Это существенное условие государственной семенной ссуды означало, собственно, дальнейшее взимание «прекрасной пятой части» — того самого оброка, благодаря которому Иосиф в тучные годы накопил те волшебные запасы, откуда он теперь черпал, — это было закрепленье установленного тогда оброка на будущее, его увековечение. Надо, однако, иметь в виду, что этот налог, если не считать упомянутого переселенья, был единственной формой, в которой выразилась «продажа» полей вместе с их владельцами — поскольку владельцы предлагали как товар и себя.

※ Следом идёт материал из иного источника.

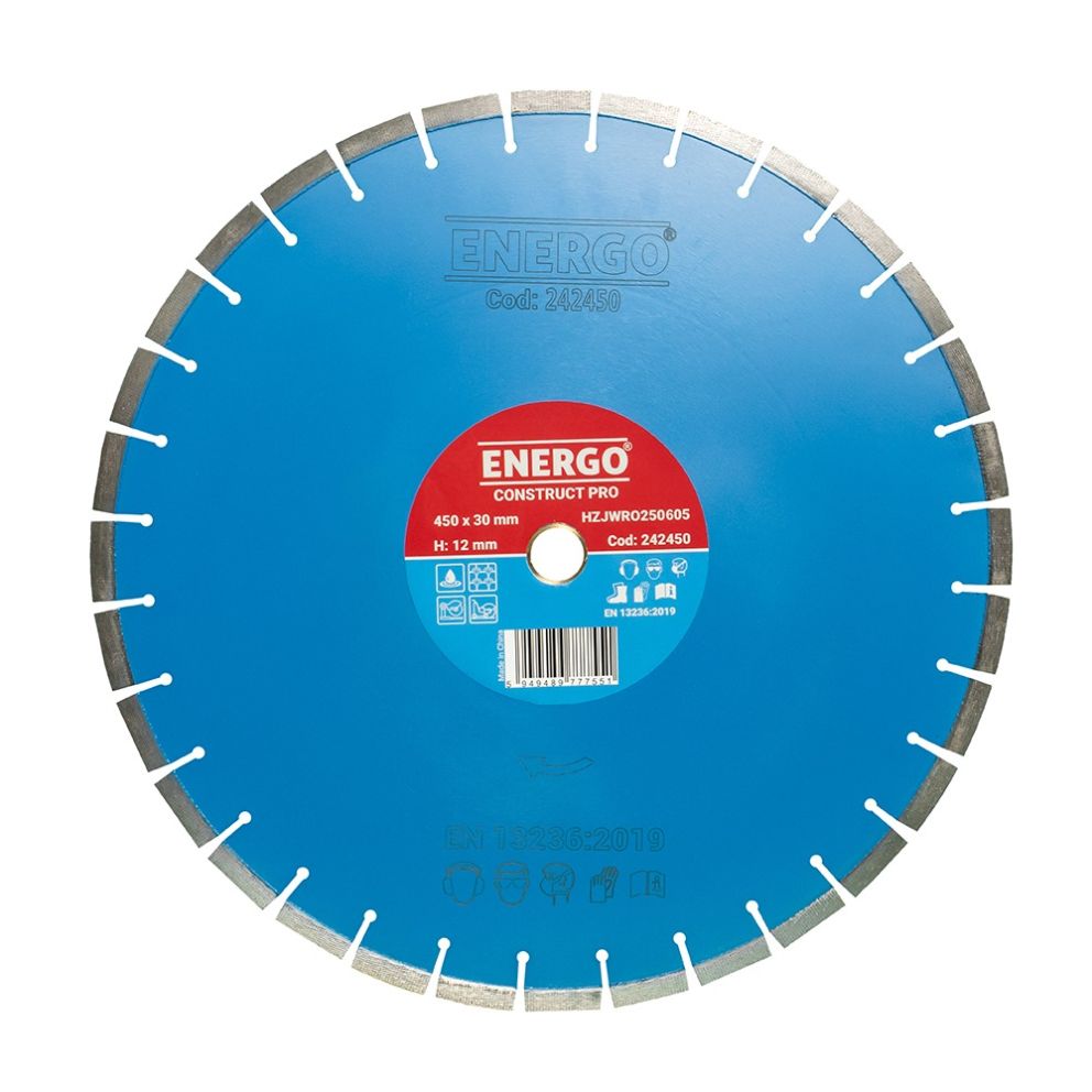 | Caracteristici suplimentare | Inaltimea sectorului diamantat: 12.0 mm Mod de utilizare: utilizare umeda Recomandat pentru utilaj: masina mobila de taiat beton/asfalt cu motor termic sau electric mese de debitat placi/dale/blocuri cu cap taiere deasupra pe sine de glisare |
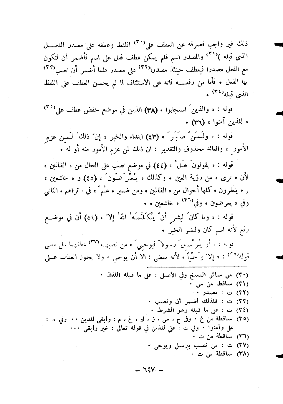 ذَلِك غير وَاجِب فَصَرفهُ عَن الْعَطف على اللَّفْظ وَعطفه على مصدر الْفِعْل الَّذِي قبله والمصدر اسْم فَلم يُمكن عطف فعل على اسْم فأضمر أَن تكون مَعَ الْفِعْل مصدرا فيعطف حِينَئِذٍ مصدرا على مصدر فَلَمَّا أضمر أَن نصب بهَا الْفِعْل فَأَما من رَفعه فانه على الِاسْتِئْنَاف لما لم يحسن الْعَطف على اللَّفْظ الَّذِي قبله
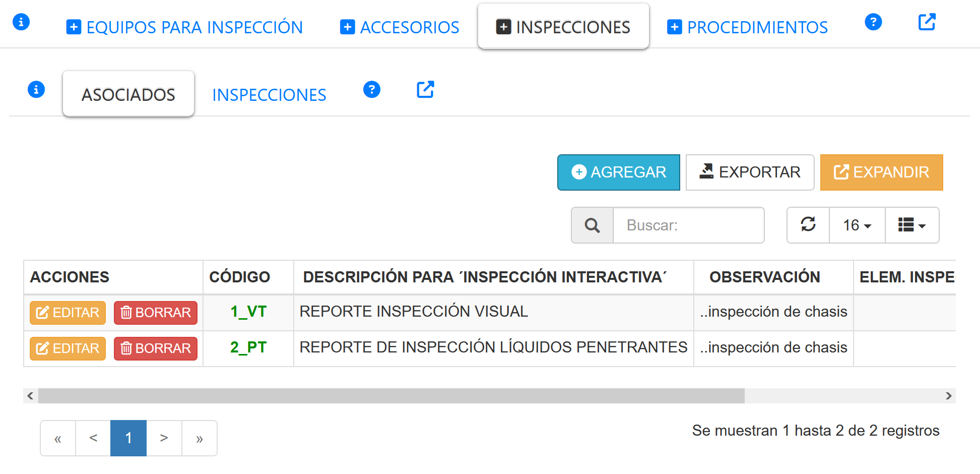 Al seleccionar la opción ASOCIADOS, se mostrará una opción que permite asociar un reporte de inspección END al reporte. Los reportes asociados, se mostrarán como un listado de reportes del tipo END, tal como se muestra en la imagen a continuación
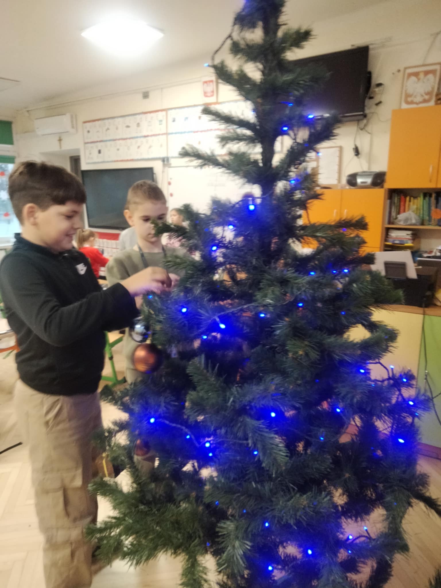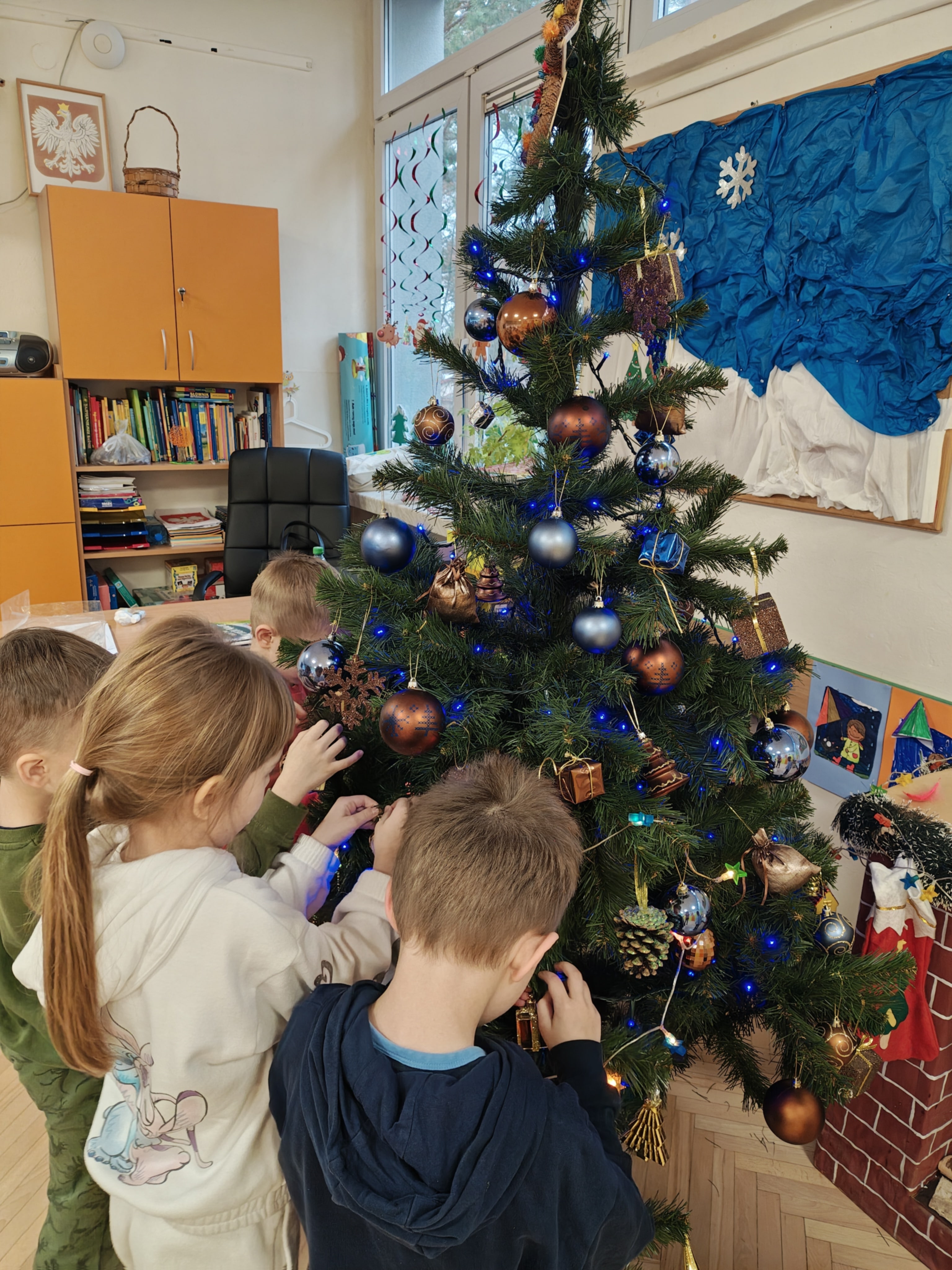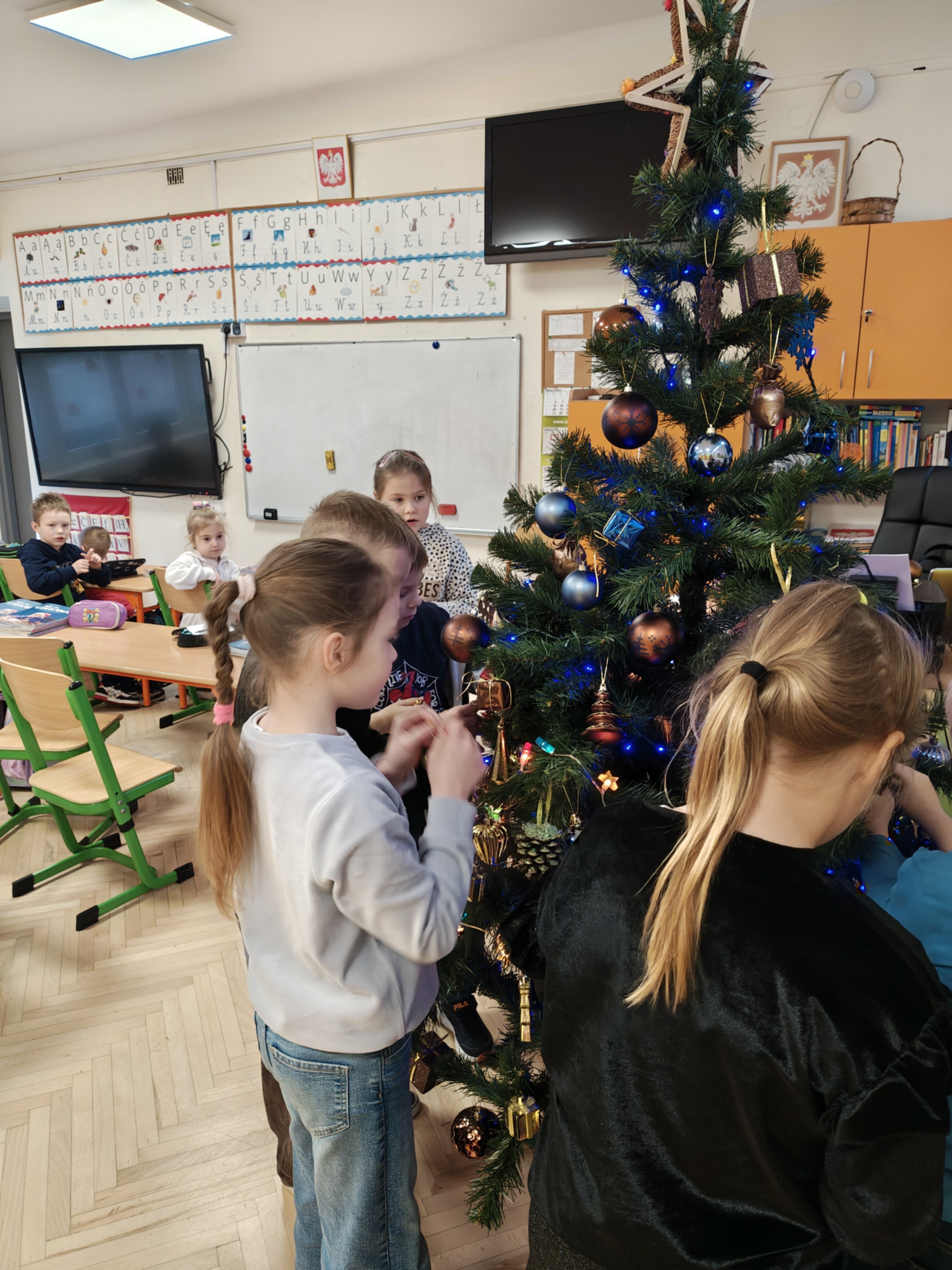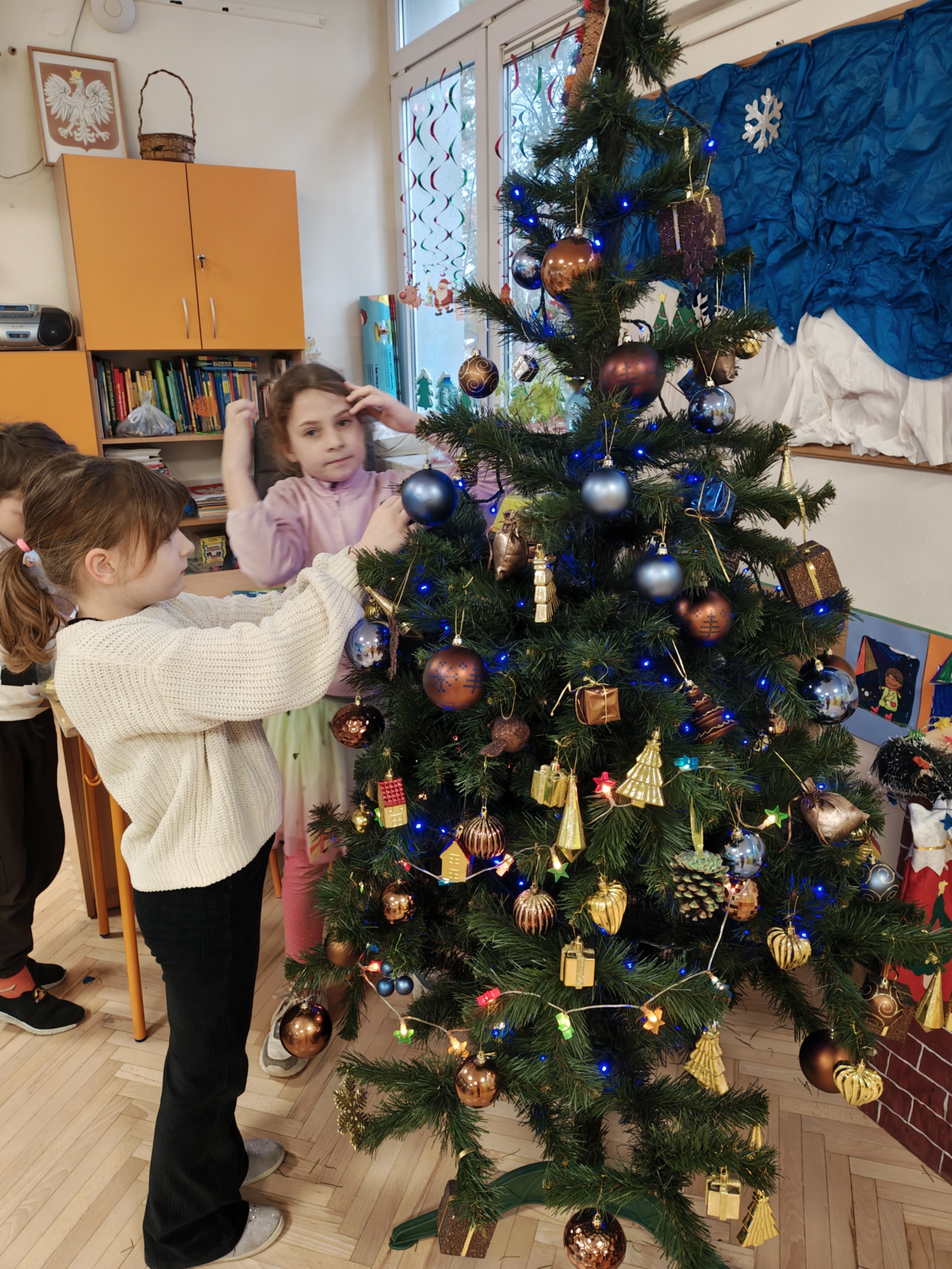 Na początku ustawiliśmy piękne, zielone drzewko, a potem każdy uczeń wybrał dla siebie ozdobę, którą zawiesił na choince.Jedni wieszali kolorowe bombki,inni złote dzwoneczki albo błyszczące gwiazdki

Никем до сих пор не было по достоинству оценено то, что самопродажей хозяев, на которую те, чтобы не погибнуть, решились, Иосиф воспользовался лишь в очень символической степени, что слов «рабство» и «крепостная зависимость», по понятным причинам ему не нравившихся, он лично вообще не употреблял и что отсутствие прежней «свободы» земли и людей выражалось при нем лишь в неукоснительной выплате пятой части, то есть в том, что снабжаемые семенами работали уже не только на самих себя, но частично и на фараона, иными словами — на государство, на общественную погребу. В этой мере, следовательно, труд их был барщиной крепостных — так вольно определять его каждому поборнику человечности и гражданину гуманного нового времени, который готов, по законам логики, отнести это определение и к себе самому.

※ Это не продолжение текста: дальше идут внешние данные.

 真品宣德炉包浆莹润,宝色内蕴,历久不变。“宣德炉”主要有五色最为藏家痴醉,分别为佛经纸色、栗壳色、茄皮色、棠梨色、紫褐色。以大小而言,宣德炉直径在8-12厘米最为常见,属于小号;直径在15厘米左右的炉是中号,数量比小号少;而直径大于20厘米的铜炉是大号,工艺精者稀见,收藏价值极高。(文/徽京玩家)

Оно отдает, однако, преувеличением, если разобраться в мере зависимости, навязанной Иосифом этим людям. Принуди он их отдавать три четверти или хотя бы половину их продукции, для них было бы ощутительнее, что они уже не принадлежат себе, а их поля — им. Но двадцать из ста — даже при самой злой воле нельзя не признать, что это значит держать эксплуатацию в известных границах. Четыре пятых урожая оставалось им на новый посев и на то, чтобы прокормить себя и своих детей, — нас простят, если мы, лицом к лицу с этим обложеньем и положеньем, говорим лишь о намеке на рабство. Тысячи лет звучат благодарственные слова, которыми приветствовали подъяремные своего угнетателя: «Ты спас нам жизнь; да обретем милость в очах твоих, и да будем рабами фараону!» Чего уж больше? Но если нужно еще больше, то да будет известно, что сам Иаков, с которым Иосиф не раз эти дела обсуждал, решительно одобрял установленный оброк, имея в виду, впрочем, именно его размеры, а не то, кому он предназначался. Когда он, говорил Иаков, станет множеством народов, которому придется поставить устав, сельские жители должны будут считать себя тоже лишь управляющими своей землей и тоже отдавать пятую часть — но никакому не Гору во дворце, а Иагве, единственному царю и господину, которому принадлежат все поля и который дает напрокат всякую собственность. Но он, Иаков, понимает, конечно, что, управляя миром язычников, обособленный господин сын должен решать эти вопросы по-своему. А Иосиф улыбался.
Так вот, в сознании плательщиков мысль о вечной выплате оброка не вязалась с их пребыванием на прежних, наследственных землях. Как раз из-за своей мягкости эта мера была неспособна разъяснить им новое положение и заставить их согласиться с ним. Это и послужило причиной такой меры, как переселенье: оно было желательной добавкой к обложению налогом, ибо одного обложенья не хватило бы, чтобы сделать наглядной для сельских хозяев «продажу» их собственности и дать им по-настоящему почувствовать их новое отношение к ней. Земледелец, оставшийся на своем давнишнем клочке земли, не мог бы расстаться с преодоленными взглядами и в один прекрасный день, чего доброго, по забывчивости восстал бы против притязаний казны. Если же он покидал свою усадьбу, а взамен получал из рук фараона другую, то ленный характер владенья становился много нагляднее.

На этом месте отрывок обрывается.